- [THE PROBLEM]:
Everything from the line containing "The Earl of" to the last line of the material below must be retyped exactly, both ends included; skip the pictures.
━━━
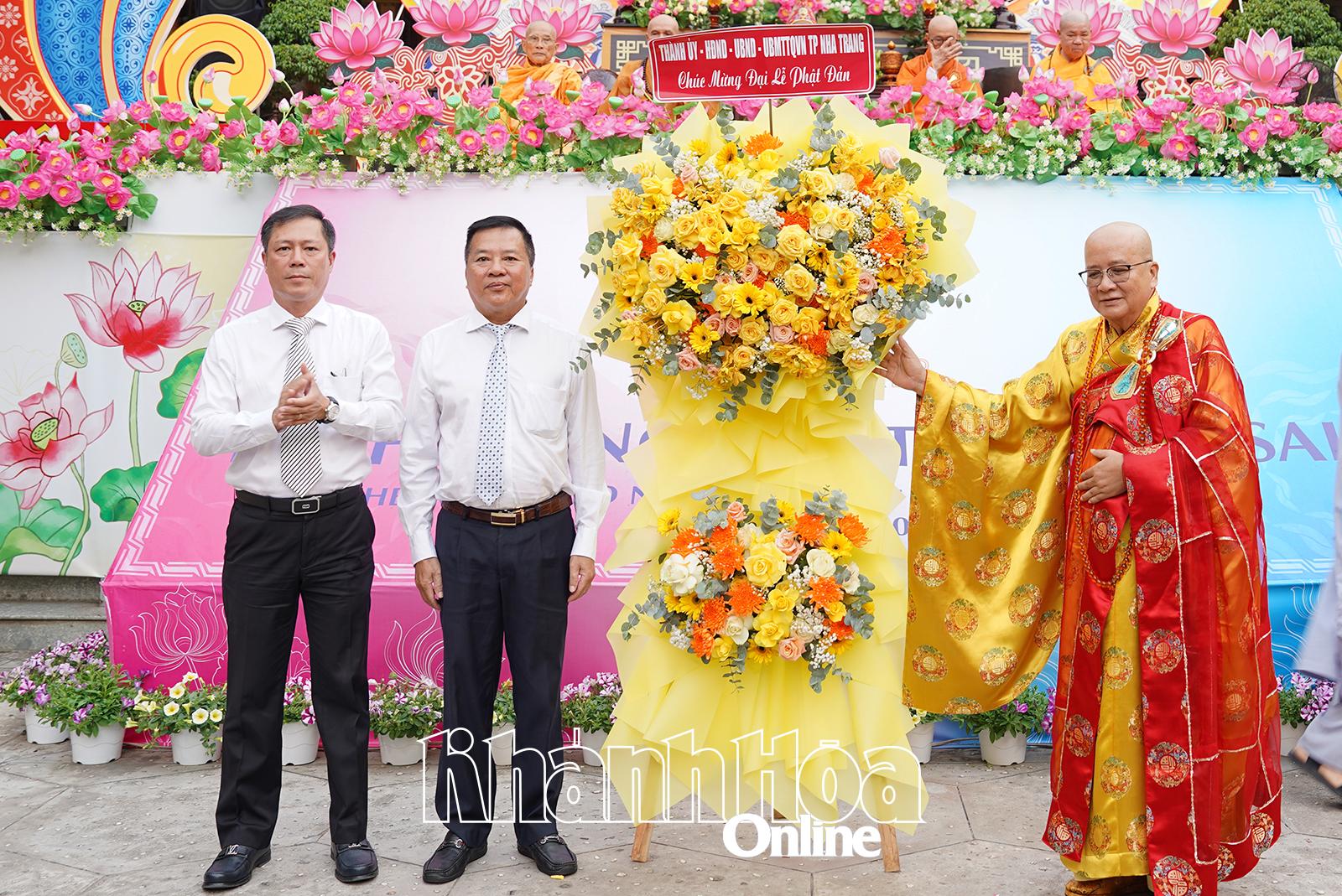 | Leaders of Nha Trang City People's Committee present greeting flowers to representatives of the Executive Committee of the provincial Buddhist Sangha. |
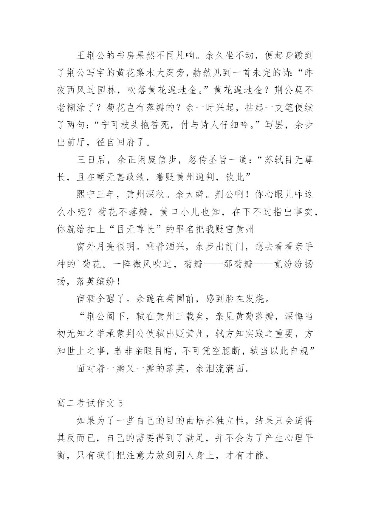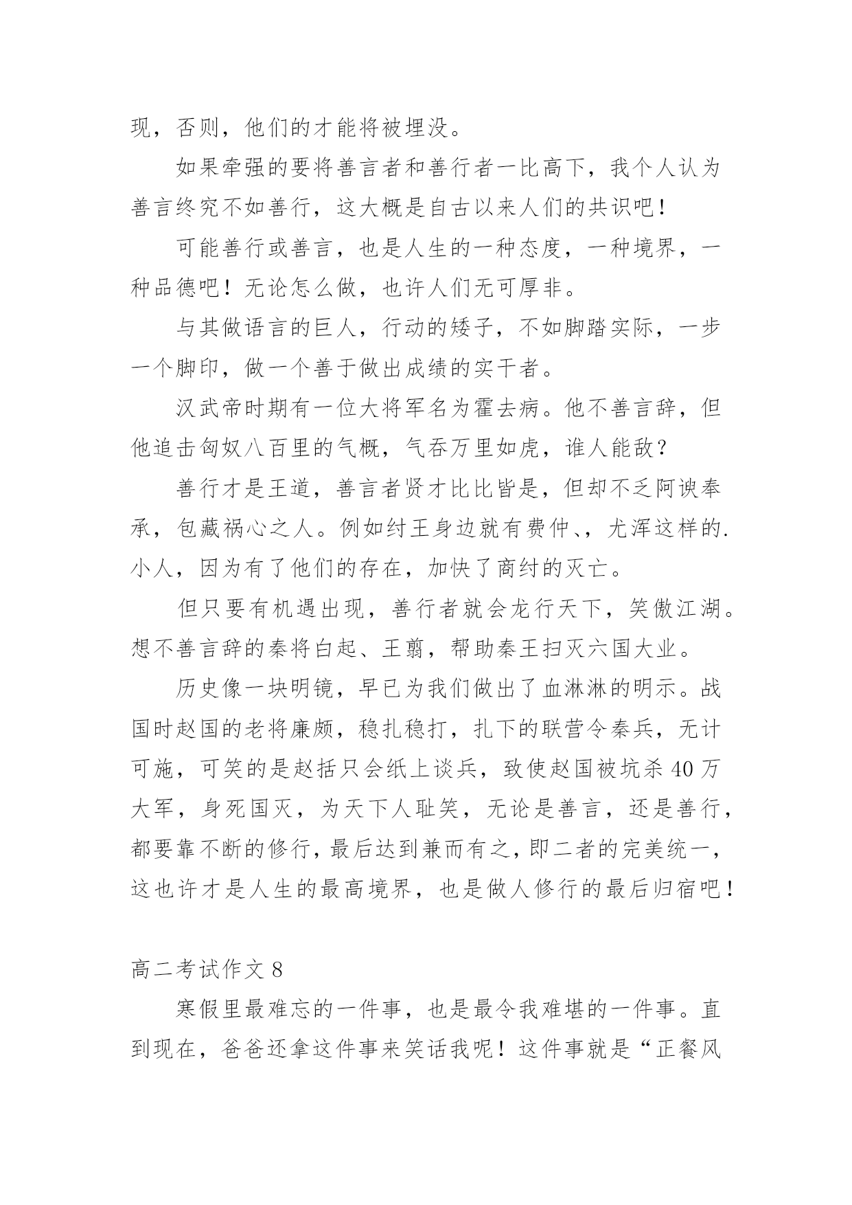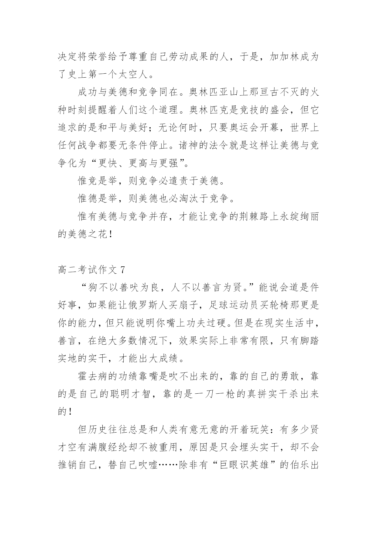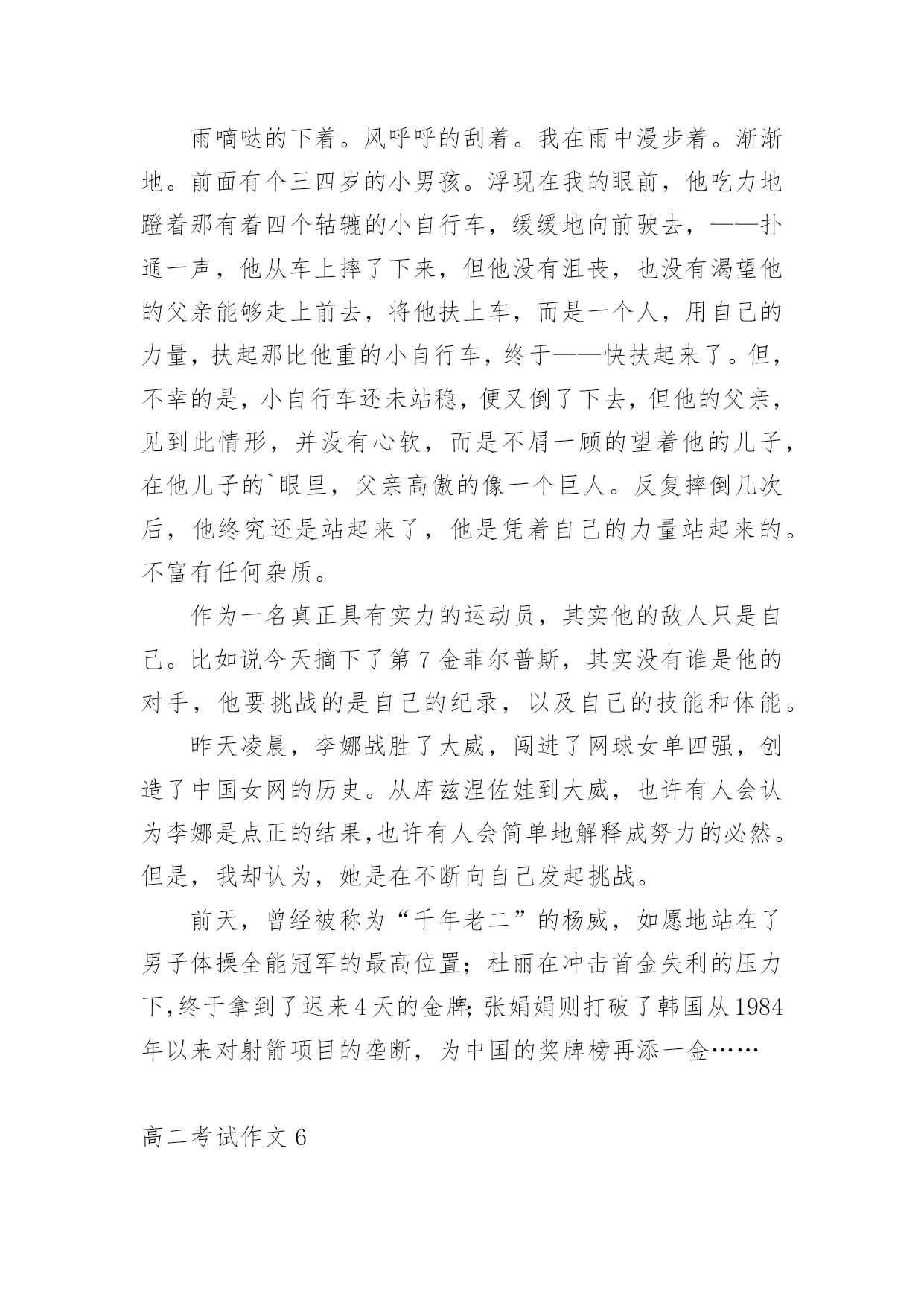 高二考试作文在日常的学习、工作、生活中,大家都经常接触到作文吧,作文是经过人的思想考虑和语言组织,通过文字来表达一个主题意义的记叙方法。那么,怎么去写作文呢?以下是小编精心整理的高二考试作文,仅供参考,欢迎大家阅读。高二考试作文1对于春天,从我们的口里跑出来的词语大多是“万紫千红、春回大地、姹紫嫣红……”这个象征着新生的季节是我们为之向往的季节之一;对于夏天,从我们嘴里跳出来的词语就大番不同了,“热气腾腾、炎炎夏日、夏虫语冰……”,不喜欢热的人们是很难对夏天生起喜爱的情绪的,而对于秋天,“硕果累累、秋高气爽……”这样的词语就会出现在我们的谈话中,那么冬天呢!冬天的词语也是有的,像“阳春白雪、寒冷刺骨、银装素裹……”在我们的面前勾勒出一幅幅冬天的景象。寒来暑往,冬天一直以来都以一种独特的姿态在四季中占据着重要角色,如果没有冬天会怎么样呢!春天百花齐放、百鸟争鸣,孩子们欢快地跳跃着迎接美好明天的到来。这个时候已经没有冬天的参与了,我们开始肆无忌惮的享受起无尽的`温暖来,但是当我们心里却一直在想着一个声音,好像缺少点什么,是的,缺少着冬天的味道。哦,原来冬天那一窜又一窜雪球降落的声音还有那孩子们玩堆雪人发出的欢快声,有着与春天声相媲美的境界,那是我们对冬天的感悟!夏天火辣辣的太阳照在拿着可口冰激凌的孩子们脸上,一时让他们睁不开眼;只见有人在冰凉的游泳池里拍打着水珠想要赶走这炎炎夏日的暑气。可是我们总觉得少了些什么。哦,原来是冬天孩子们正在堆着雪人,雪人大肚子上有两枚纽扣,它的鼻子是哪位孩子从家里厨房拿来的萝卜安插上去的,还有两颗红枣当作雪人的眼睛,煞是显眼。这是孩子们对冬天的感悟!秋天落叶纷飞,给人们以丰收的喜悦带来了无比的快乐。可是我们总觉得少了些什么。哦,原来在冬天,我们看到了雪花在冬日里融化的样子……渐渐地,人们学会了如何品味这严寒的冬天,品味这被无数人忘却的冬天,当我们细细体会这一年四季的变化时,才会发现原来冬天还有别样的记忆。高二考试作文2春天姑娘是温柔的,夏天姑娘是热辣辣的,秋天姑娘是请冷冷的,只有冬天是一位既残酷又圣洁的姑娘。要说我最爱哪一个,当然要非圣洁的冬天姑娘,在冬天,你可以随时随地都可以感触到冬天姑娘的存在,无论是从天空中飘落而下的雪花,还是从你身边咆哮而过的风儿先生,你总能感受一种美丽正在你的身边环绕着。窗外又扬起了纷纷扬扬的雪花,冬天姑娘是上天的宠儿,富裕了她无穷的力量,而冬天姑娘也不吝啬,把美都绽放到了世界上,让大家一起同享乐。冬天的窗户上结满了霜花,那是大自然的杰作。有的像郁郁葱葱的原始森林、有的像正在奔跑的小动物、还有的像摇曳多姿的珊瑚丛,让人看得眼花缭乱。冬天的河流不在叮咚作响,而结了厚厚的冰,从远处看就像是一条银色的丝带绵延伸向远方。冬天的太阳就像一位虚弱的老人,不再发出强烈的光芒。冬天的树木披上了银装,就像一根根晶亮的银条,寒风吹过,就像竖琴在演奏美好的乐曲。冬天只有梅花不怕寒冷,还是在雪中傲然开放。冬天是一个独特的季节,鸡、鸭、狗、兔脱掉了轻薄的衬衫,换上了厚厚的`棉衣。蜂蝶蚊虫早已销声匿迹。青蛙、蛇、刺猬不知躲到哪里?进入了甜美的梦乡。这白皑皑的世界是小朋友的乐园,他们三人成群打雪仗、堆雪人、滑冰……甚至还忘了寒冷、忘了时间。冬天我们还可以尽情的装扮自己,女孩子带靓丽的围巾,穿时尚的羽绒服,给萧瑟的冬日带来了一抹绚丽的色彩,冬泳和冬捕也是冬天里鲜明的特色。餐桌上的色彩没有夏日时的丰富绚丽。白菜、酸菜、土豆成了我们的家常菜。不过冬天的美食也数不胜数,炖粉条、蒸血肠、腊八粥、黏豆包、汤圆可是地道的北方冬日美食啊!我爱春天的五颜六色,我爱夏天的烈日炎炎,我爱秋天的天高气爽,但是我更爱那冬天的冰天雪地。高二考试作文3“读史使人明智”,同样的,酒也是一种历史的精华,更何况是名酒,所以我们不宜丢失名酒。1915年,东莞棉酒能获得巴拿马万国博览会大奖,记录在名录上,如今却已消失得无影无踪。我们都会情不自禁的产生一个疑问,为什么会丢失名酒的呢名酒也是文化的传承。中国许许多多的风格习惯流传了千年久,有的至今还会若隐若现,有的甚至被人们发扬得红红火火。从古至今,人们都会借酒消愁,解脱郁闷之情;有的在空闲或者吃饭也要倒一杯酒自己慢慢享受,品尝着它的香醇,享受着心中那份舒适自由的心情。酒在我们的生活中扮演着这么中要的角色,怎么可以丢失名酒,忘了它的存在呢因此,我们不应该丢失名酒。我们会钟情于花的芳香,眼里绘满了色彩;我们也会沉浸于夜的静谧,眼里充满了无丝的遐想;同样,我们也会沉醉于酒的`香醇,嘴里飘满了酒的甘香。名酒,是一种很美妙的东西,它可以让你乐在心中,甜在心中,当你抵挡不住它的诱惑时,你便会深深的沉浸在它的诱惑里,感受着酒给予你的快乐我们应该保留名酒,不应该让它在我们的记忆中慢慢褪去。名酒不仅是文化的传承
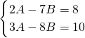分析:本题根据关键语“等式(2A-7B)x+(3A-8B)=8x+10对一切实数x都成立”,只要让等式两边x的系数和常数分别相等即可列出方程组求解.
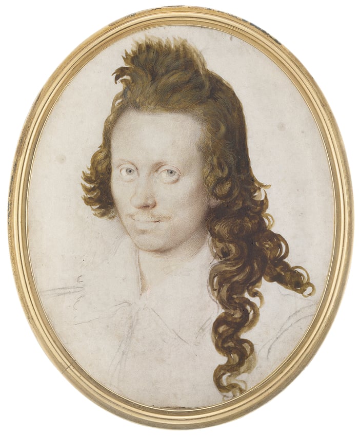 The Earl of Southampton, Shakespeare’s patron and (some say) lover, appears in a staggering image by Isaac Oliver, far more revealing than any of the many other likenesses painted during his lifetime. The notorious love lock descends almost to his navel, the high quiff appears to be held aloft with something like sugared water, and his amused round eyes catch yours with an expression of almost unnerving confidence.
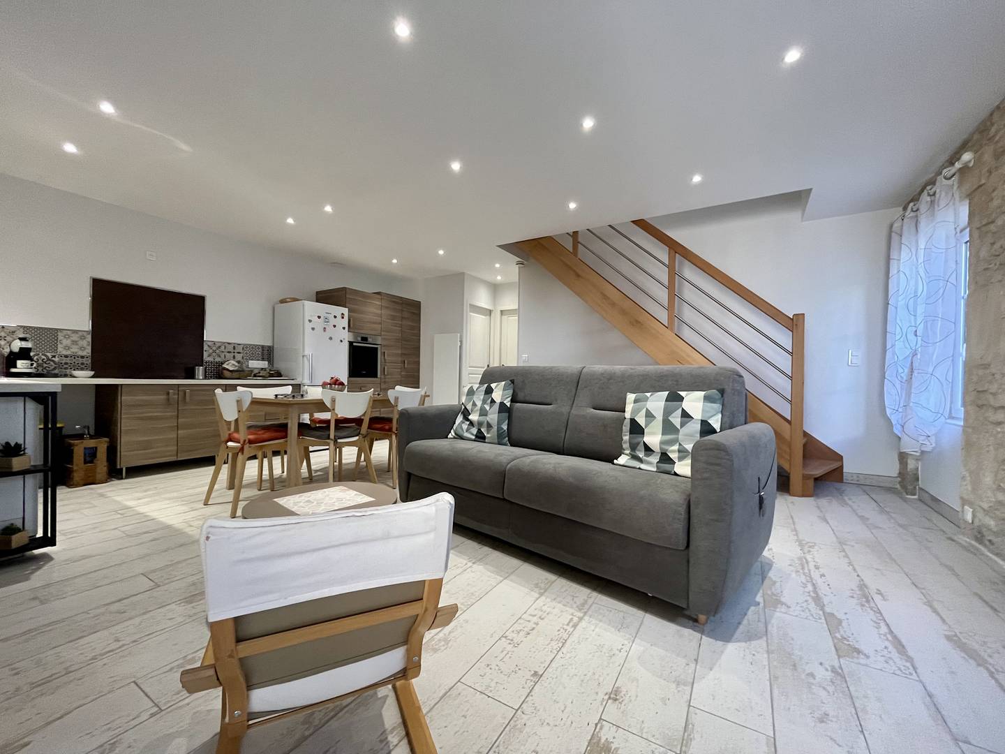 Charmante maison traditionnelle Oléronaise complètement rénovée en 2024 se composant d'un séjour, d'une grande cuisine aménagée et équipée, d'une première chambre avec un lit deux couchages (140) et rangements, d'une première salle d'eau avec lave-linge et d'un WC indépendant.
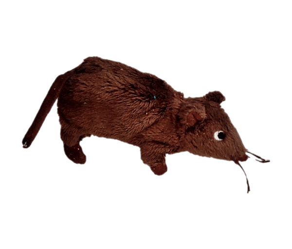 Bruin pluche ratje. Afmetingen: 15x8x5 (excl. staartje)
━━━
- [RESULT OF THIS TASK]:
 The Earl of Southampton, Shakespeare’s patron and (some say) lover, appears in a staggering image by Isaac Oliver, far more revealing than any of the many other likenesses painted during his lifetime. The notorious love lock descends almost to his navel, the high quiff appears to be held aloft with something like sugared water, and his amused round eyes catch yours with an expression of almost unnerving confidence.
 Charmante maison traditionnelle Oléronaise complètement rénovée en 2024 se composant d'un séjour, d'une grande cuisine aménagée et équipée, d'une première chambre avec un lit deux couchages (140) et rangements, d'une première salle d'eau avec lave-linge et d'un WC indépendant.
 Bruin pluche ratje. Afmetingen: 15x8x5 (excl. staartje)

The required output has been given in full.